→ REQUIREMENT
Skip the pictures. Output only the lines below starting at the line with "Saint Petersburg |" and ending at the line with "The Studio Suite: The", both ends included, exactly as they are.

→ EXTRACTED RECORDS

<<<<

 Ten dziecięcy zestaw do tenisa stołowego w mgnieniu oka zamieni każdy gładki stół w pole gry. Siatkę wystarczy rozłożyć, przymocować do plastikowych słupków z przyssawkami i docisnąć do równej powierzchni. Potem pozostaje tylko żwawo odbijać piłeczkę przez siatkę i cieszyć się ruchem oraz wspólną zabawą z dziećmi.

>>>>
<<<<

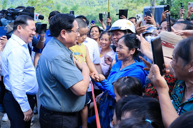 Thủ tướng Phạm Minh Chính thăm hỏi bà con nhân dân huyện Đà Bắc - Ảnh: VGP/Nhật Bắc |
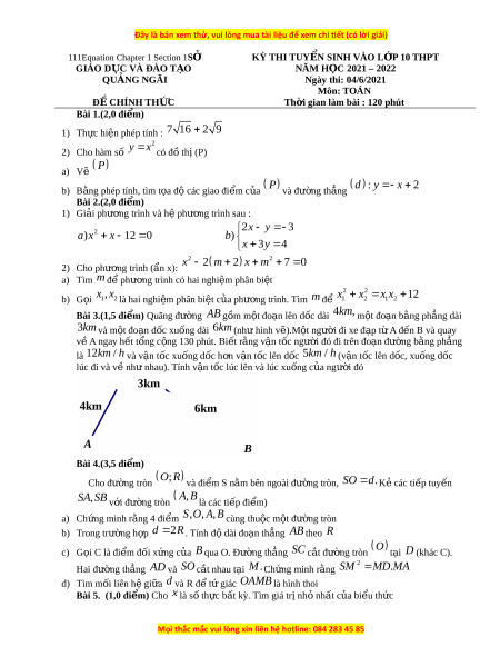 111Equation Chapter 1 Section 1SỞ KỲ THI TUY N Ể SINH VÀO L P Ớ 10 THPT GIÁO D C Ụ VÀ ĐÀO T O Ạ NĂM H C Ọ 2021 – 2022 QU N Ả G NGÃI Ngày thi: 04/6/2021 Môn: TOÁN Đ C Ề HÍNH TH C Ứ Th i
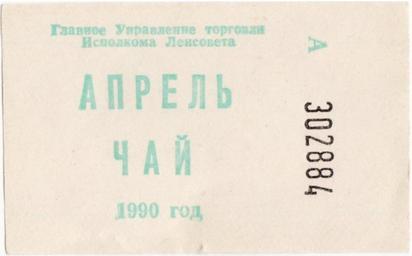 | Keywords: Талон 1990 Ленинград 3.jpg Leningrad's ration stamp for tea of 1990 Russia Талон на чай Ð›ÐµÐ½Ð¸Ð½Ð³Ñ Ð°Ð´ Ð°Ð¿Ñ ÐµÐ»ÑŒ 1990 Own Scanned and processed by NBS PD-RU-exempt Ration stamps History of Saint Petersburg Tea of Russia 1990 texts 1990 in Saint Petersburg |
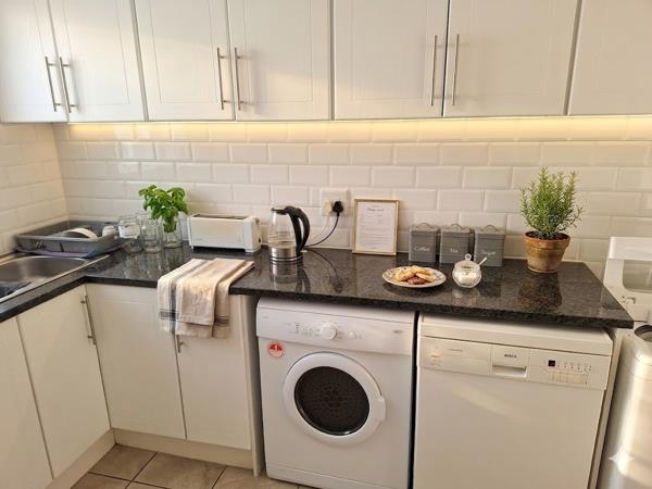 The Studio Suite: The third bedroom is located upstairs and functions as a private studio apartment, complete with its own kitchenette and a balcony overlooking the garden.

>>>>
<<<<

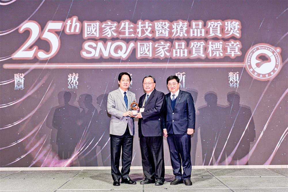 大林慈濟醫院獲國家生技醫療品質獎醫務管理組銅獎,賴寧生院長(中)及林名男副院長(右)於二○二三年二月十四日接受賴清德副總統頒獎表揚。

>>>>

→ COMPLETED TASK
 | Keywords: Талон 1990 Ленинград 3.jpg Leningrad's ration stamp for tea of 1990 Russia Талон на чай Ð›ÐµÐ½Ð¸Ð½Ð³Ñ Ð°Ð´ Ð°Ð¿Ñ ÐµÐ»ÑŒ 1990 Own Scanned and processed by NBS PD-RU-exempt Ration stamps History of Saint Petersburg Tea of Russia 1990 texts 1990 in Saint Petersburg |
 The Studio Suite: The third bedroom is located upstairs and functions as a private studio apartment, complete with its own kitchenette and a balcony overlooking the garden.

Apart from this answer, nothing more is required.